The story of Citigroup's trades in European Government bonds last summer seems to have wound up as the Financial Services Authority ordered Citigroup Global Markets Limited (CGML) to pay up a “fine” of £13.9 million (around $25m), made up of a penalty of £4 m and a “relinquishment of profits” of £9,960,860. The details of what the FSA found are here. Traders at CGML decided they had found a neat way to make profits through a combination of buying futures and selling bonds (they called their trading strategy “Dr Evil”). On one day in August 2004 they went too far and found they had to cover short positions by buying bonds at prices lower than those they had just sold them for (what luck! - well, no- people noticed). This behaviour reduced confidence in MTS, the trading platform (no kidding). According to the FSA, the trading strategy was not considered by Compliance, Legal or independent Risk Management at CGML before it was implemented, one of the traders was not not registered with Eurex, so unauthorised trading occurred, and the only market abuse training CGML had held was on 1 December 2001 (although CGML did have some material available about market abuse). The FSA concluded that CGML failed to comply with Principle 2 in failing to act with due skill care and diligence and noted that CGML was making improvements to its compliance procedures. The FSA characterised CGML’s breach as serious, although CGML did not deliberately set out to disrupt the trading platform, and was not reckless. Citigroup's Charles Prince said that:

Citigroup is committed to maintaining the highest standards of business ethics, to advancing best practice leadership in all its businesses and to fostering a culture of compliance that is second to none.
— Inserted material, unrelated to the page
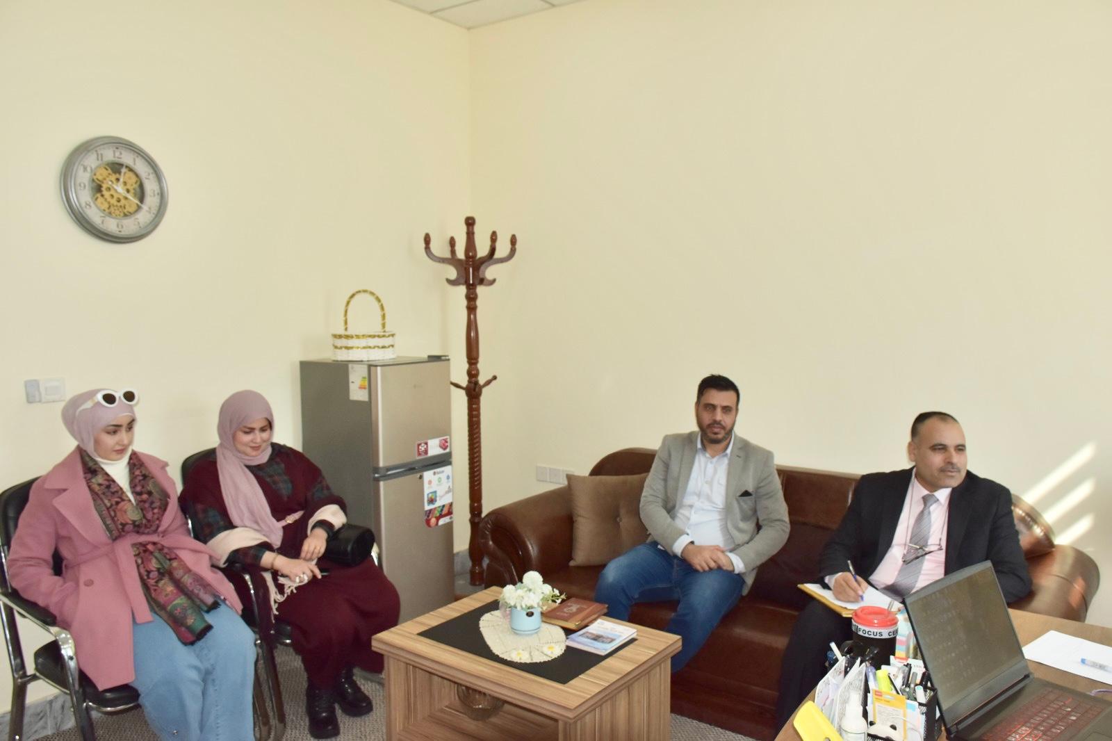 وكان في استقبال الوفد الأستاذ المساعد الدكتور محمود ماهر صالح المحترم عميد الكلية، برفقة عدد من أعضاء الهيئة التدريسية والإدارية، حيث تم تقديم عرض تفصيلي حول البرامج الأكاديمية، والمناهج الدراسية، والبنية التحتية للكلية، بالإضافة إلى استعراض الجهود المبذولة في تطوير البيئة التعليمية وتعزيز البحث العلمي.
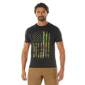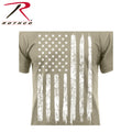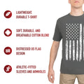 Showcase your patriotism with Tactical Choice Plus's Distressed US Flag Athletic Fit T-Shirt. This lightweight patriotic t-shirt features a large vertical distressed flag on the center of the chest and a smaller American flag on the right sleeve. The flag on the right sleeve is oriented with the stars facing forward to emulate a flag flying in the breeze as the wearer moves forward, just like on a real military uniform. This flag shirt is ideal for athletes thanks to its specialized fit featuring an inset collar, broad chest, and athletic-fitted sleeves and armholes. The USA flag shirt is made from a soft, breathable, and dependable cotton/poly blend that will last you countless workouts. Plus, this American flag shirt is entirely free from itchy, bothersome tags.

Presumably Prince doesn't mean that Citigroup's culture of compliance last summer was second to none (or perhaps he does).

Well, the embarrassment is probably more significant than the fine (most of the payment is after all disgorgement) but the FSA did a good job of minimising the embarrassment. Perhaps they have been taking the literature on negotiated governance too seriously.

After reading the FSA's Final Notice on the CGML matter I'm struck by the contrast between this decision and the FSA's regular recitation of its commitment to maintaining efficient, orderly and clean markets. Perhaps what they should really be saying is markets that are a little grubby round the edges, but basically clean.